# [Your instructions]
All lines from the opening of the material up to and including the line with "Rs 20/- India" should be transcribed exactly, pictures excepted.

------------------------

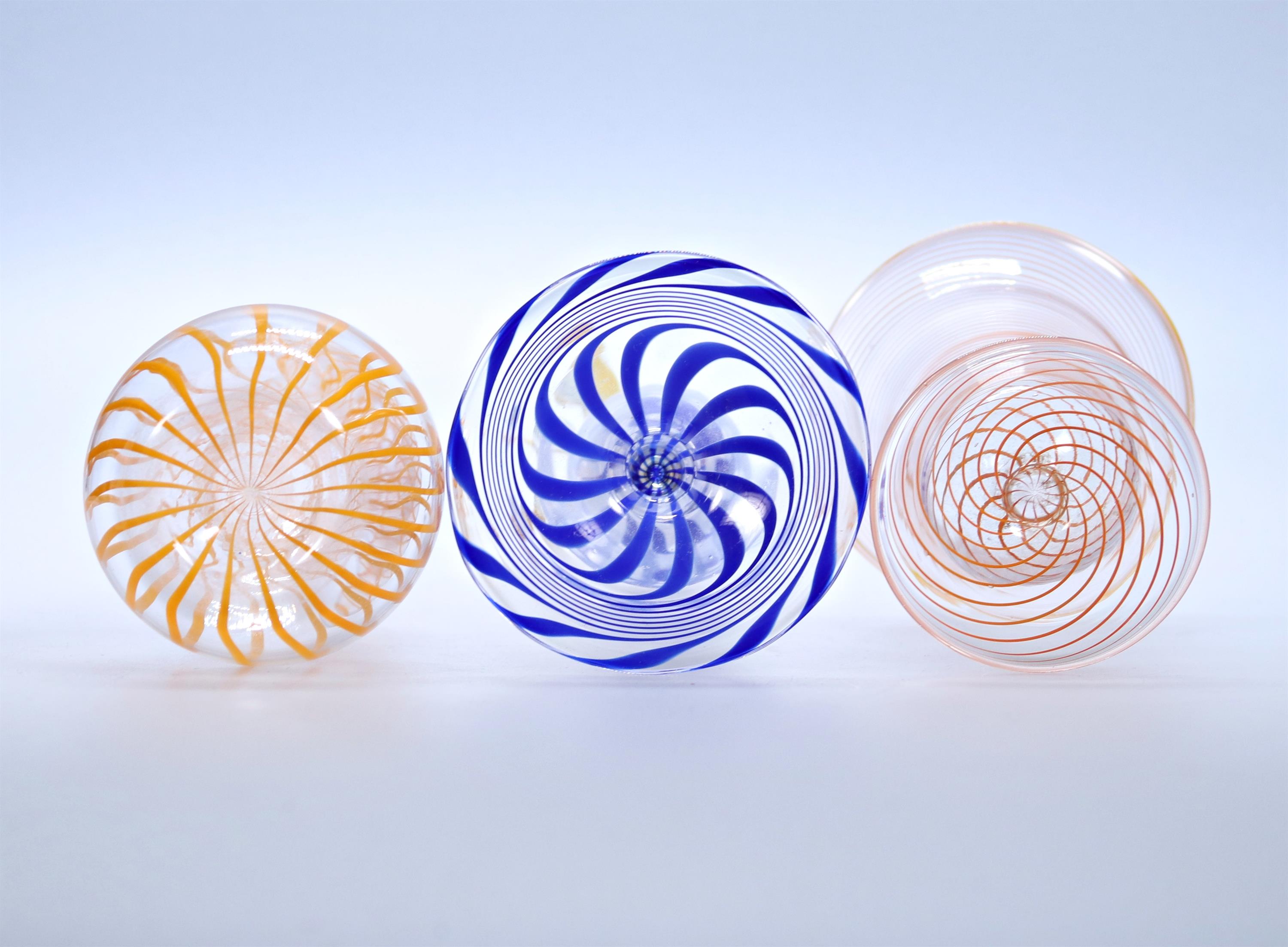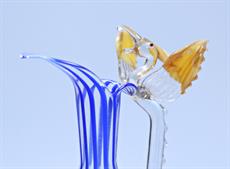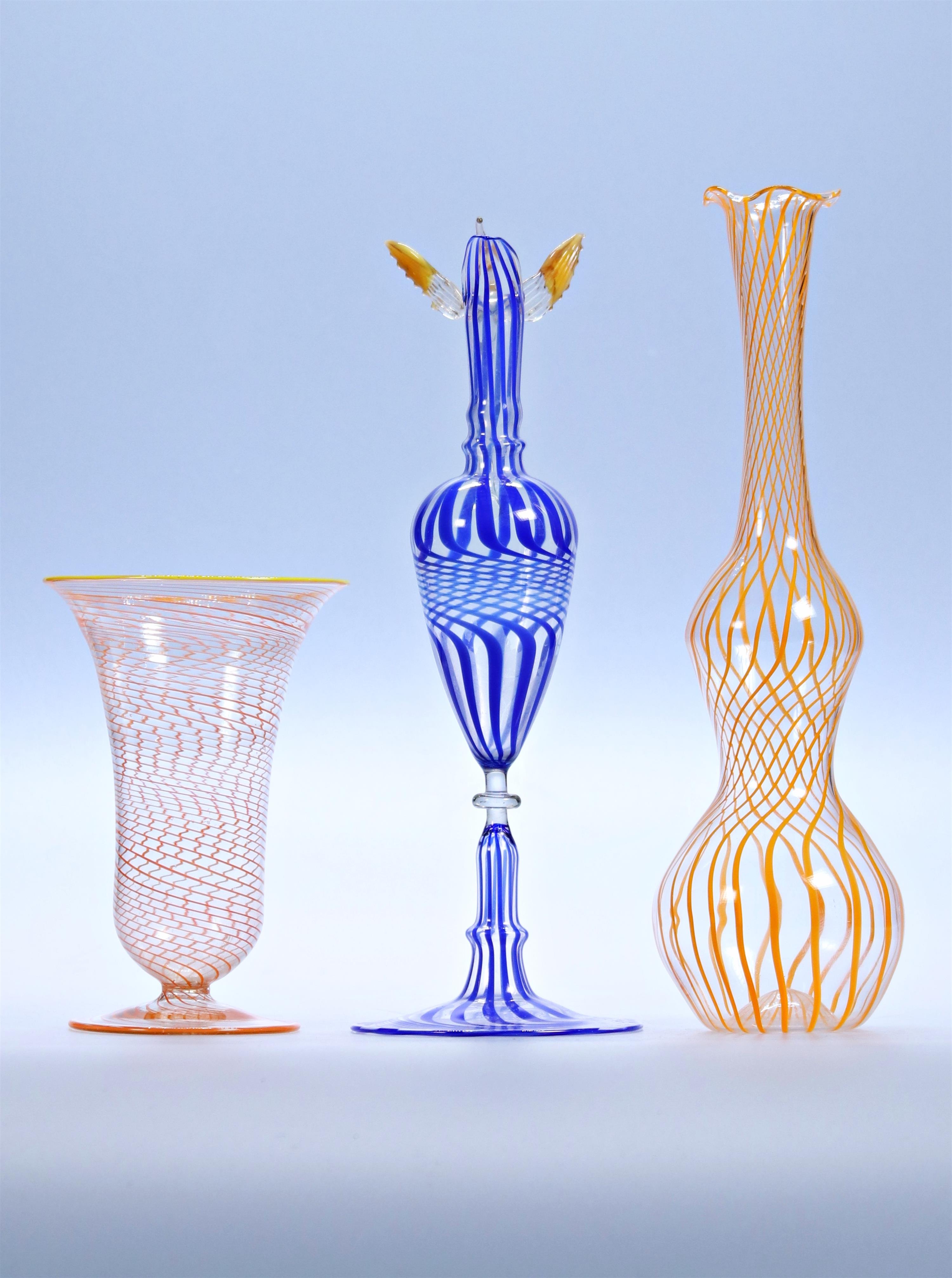čiré sklo s barevnými liniemi, jedna váza zdobená plastikou
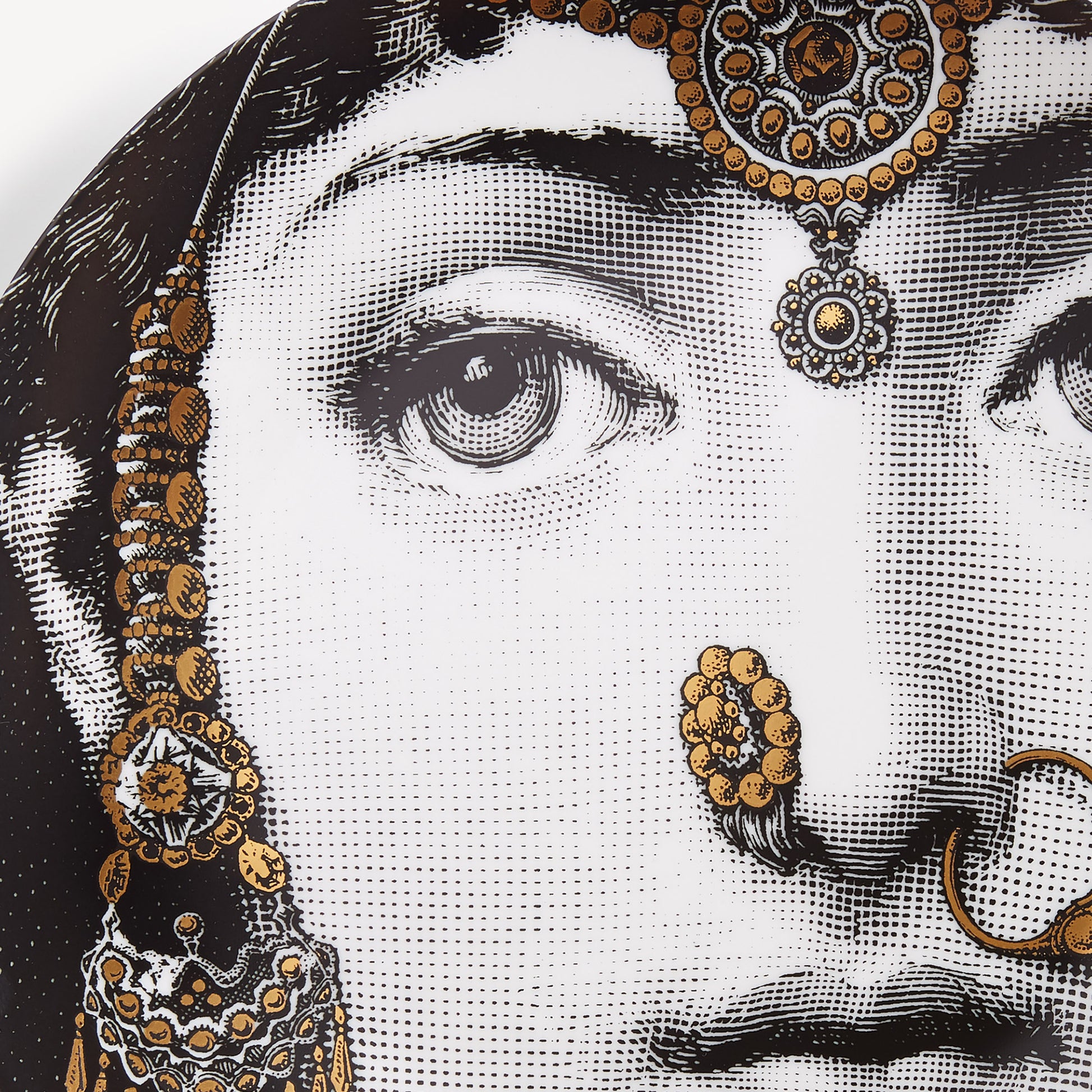 - The essential features of Lina Cavalieri's face are what stand out on this hand-decorated porcelain plate with gold accents from the famous Tema e Variazioni series. A true collector's item, you can use it as a wall plate, thanks to the presence of two holes on the back, but also as an ornamental piece for table art. For cleaning, we recommend using a damp cloth without any soaps or solvents.
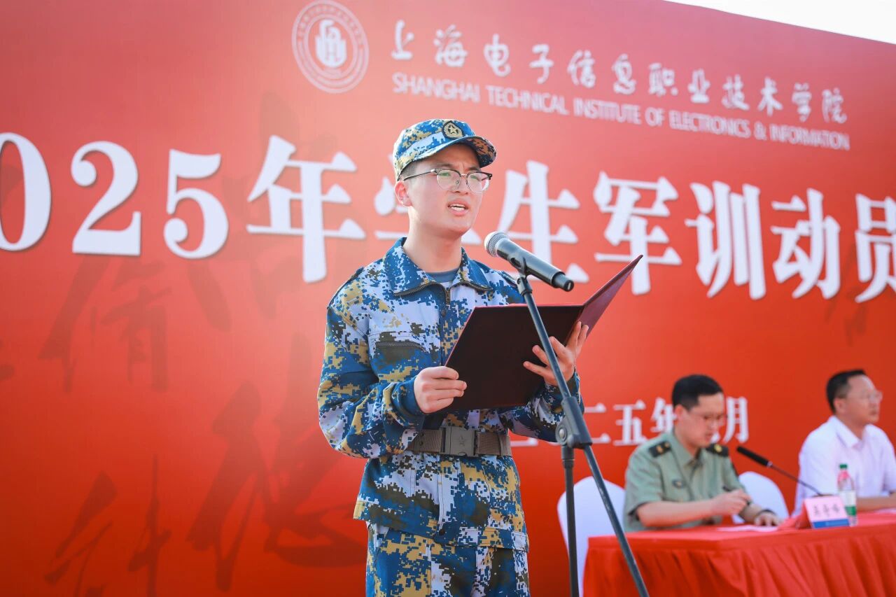 电子技术与工程学院胡锦华和中德工程学院张睿代表2025年全体参训学生发言,他们承诺和全体参训学生将在军训中严格遵守纪律、克服困难挑战、学习军人作风、磨砺提升自我,以饱满的热情和坚定的信念全力完成此次军训任务。
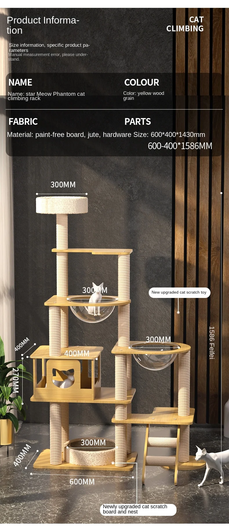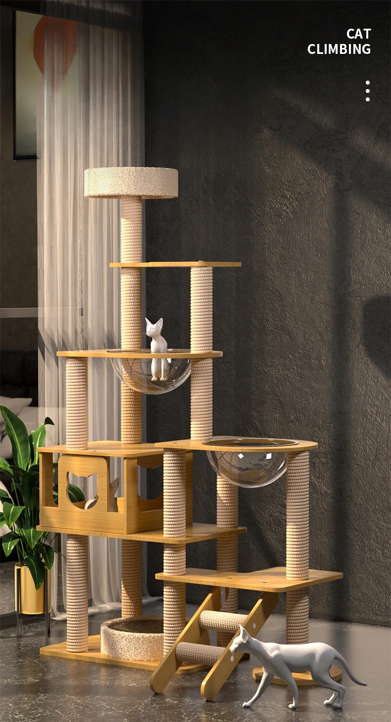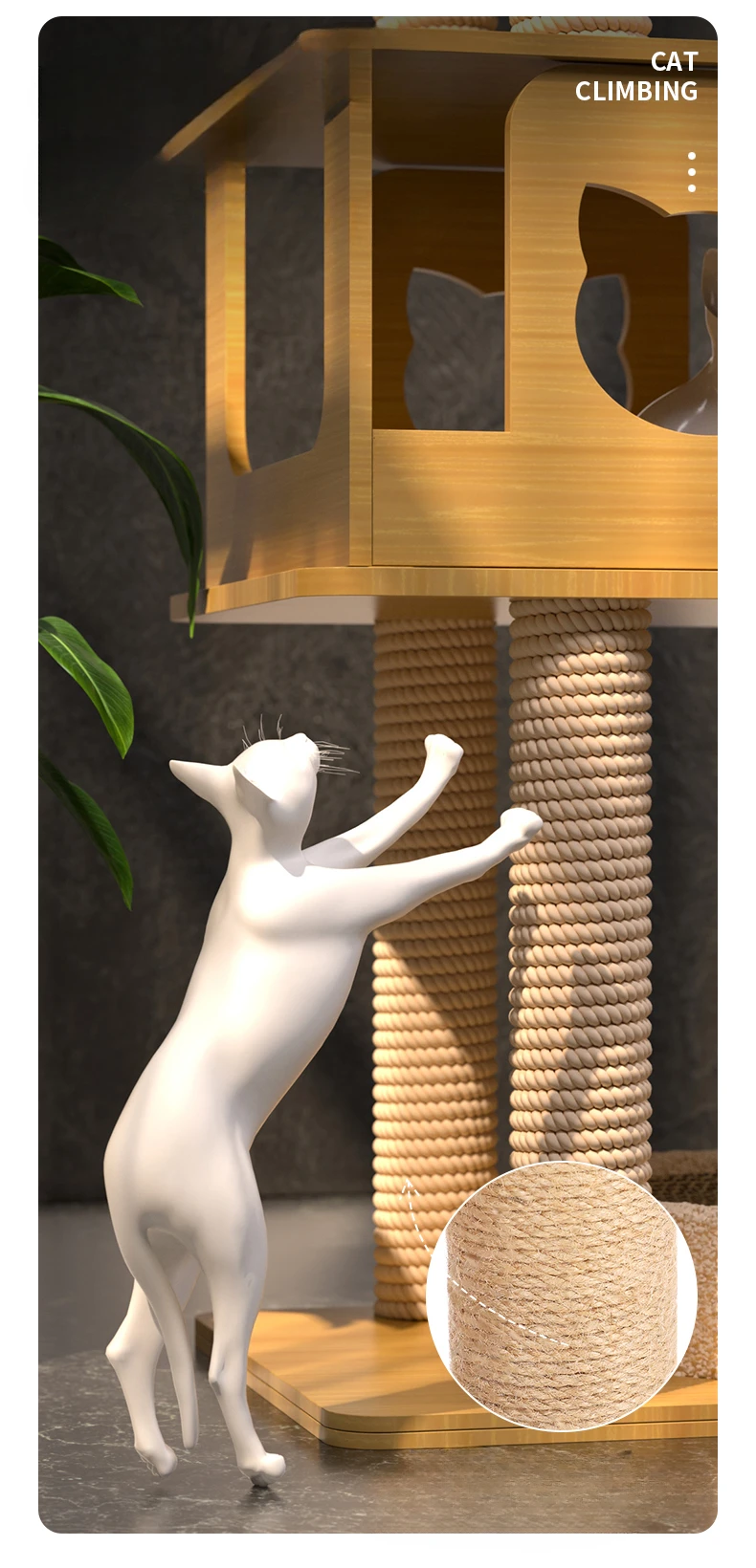 Tree Tower House para gatos grandes, garras, protección de sofá, gatos con raspadores, rascador de madera para gatos, camas y muebles
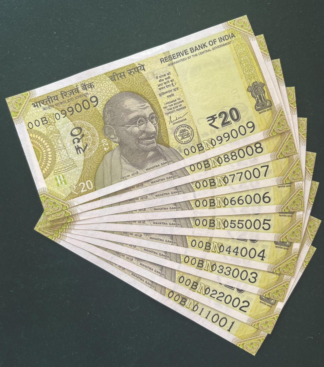 Rs 20/- India Banknote Semi Solid Set 00 Same Prefix 099009 To 011001 Gem Unc Unique and Rare
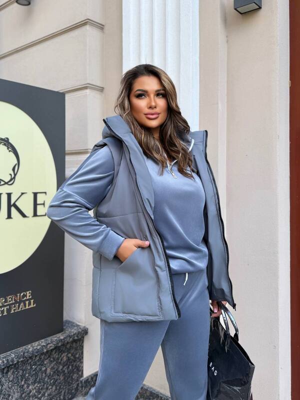 Комплект состоит из трёх элементов: удлинённого жилета, кофты и брюк. Жилет выполнен из водоотталкивающей ткани, дополнен воротником-стойкой и удобными карманами, что делает его практичным и функциональным. Кофта из велюра имеет свободный крой, мягко облегает фигуру и дарит комфорт в течение дня. Брюки длиной по внешнему шву 100–101 см имеют эластичный пояс и прямой силуэт, обеспечивающий свободу движений и удобную посадку. Все элементы можно носить как вместе, так и по отдельности, комбинируя с другими вещами гардероба.
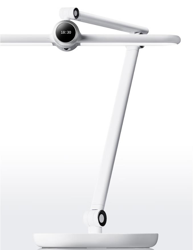 魅族liproT22Z1智能感应灯采用了悬浮式的飞翼设计,控制旋钮集中在灯头部位,配备有 OLED 屏幕可以显示时间、计时器、亮度和色温等参数并进行调节。
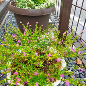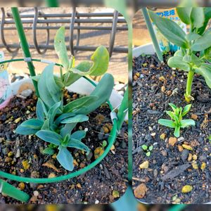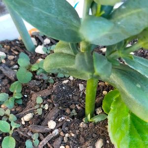 トルコキキョウの根本に ベコニアの芽が出て花のツボミ らしきものも、、、 植え替えしないとね🤔⁉️
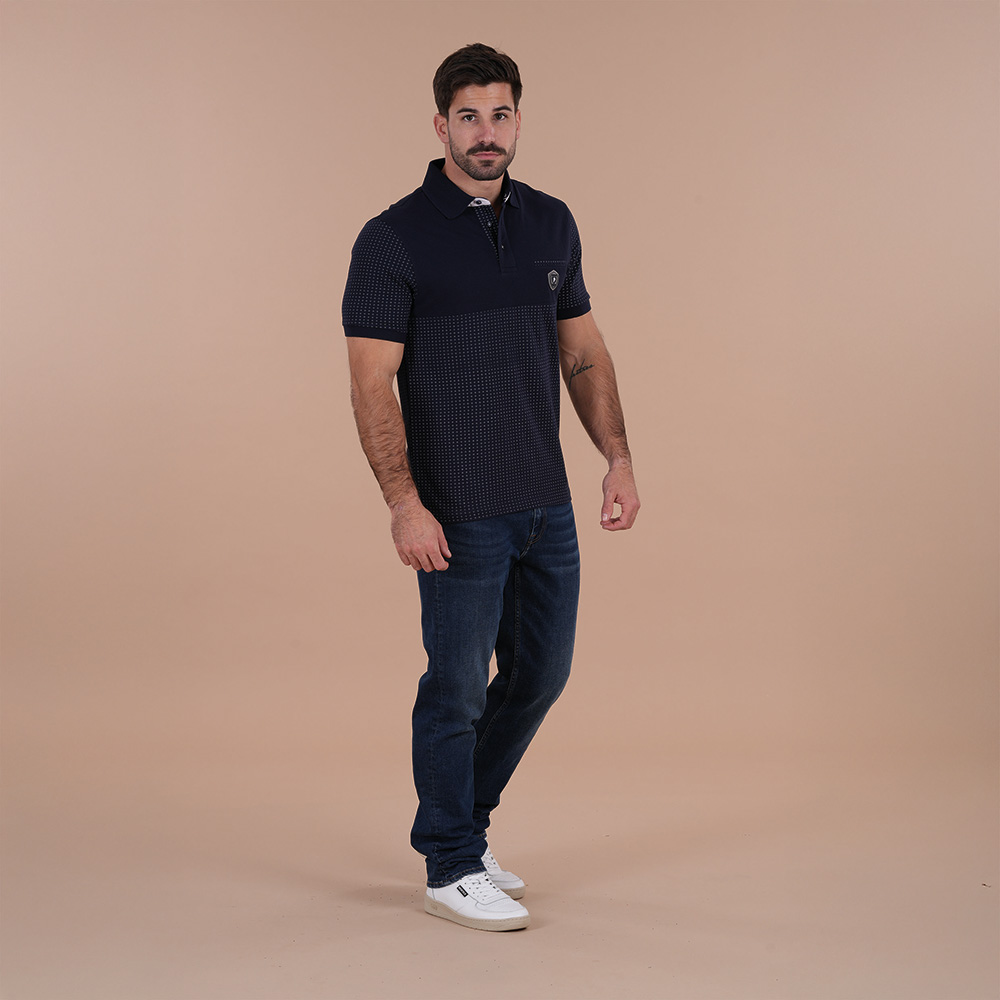 Solid navy blue all over the top (front and back) and a discreet polka-dot print on the sleeves, button placket, reverse of the false breast pocket just above the badge, and on the center front and back as well.
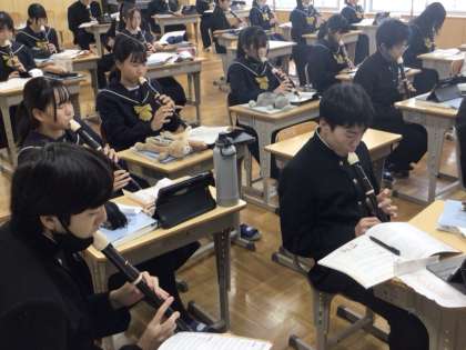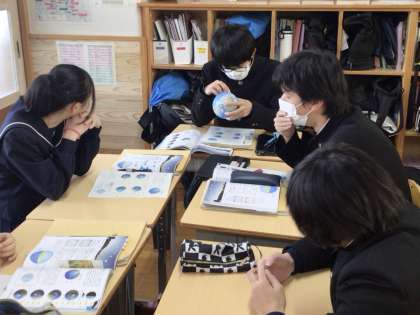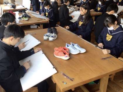 27日(水)、1年生の美術の授業では、デッサンの学習を行っていました。今回のモチーフは靴。鉛筆の扱い方や描き方、鉛筆の削り方を一つ一つ教えてもらいながら、集中して描いていました。モチーフである見慣れた靴を改めてじっくり観察したり、鉛筆や手で大きさを測ったりしながら少しずつ仕上げていました。2年生の音楽の授業では、アルトリコーダーの学習を行っていました。今日の課題曲は「聖者の行進」。リズミカルで軽快な曲のイメージを表現できるように一生懸命に練習していました。「難しい!」と言いながらも粘り強く取り組んでいる姿が立派でした。3年生の理科の授業では、天体の学習を行っていました。天体を扱う上で大切な方位の見方について、しっかりと身に付けられるようにと、ミニ地球儀を用いて一人一人が地球上の様々な地点における方位を確認していました。

------------------------

# [Response area]
čiré sklo s barevnými liniemi, jedna váza zdobená plastikou
 - The essential features of Lina Cavalieri's face are what stand out on this hand-decorated porcelain plate with gold accents from the famous Tema e Variazioni series. A true collector's item, you can use it as a wall plate, thanks to the presence of two holes on the back, but also as an ornamental piece for table art. For cleaning, we recommend using a damp cloth without any soaps or solvents.
 电子技术与工程学院胡锦华和中德工程学院张睿代表2025年全体参训学生发言,他们承诺和全体参训学生将在军训中严格遵守纪律、克服困难挑战、学习军人作风、磨砺提升自我,以饱满的热情和坚定的信念全力完成此次军训任务。
 Tree Tower House para gatos grandes, garras, protección de sofá, gatos con raspadores, rascador de madera para gatos, camas y muebles
 Rs 20/- India Banknote Semi Solid Set 00 Same Prefix 099009 To 011001 Gem Unc Unique and Rare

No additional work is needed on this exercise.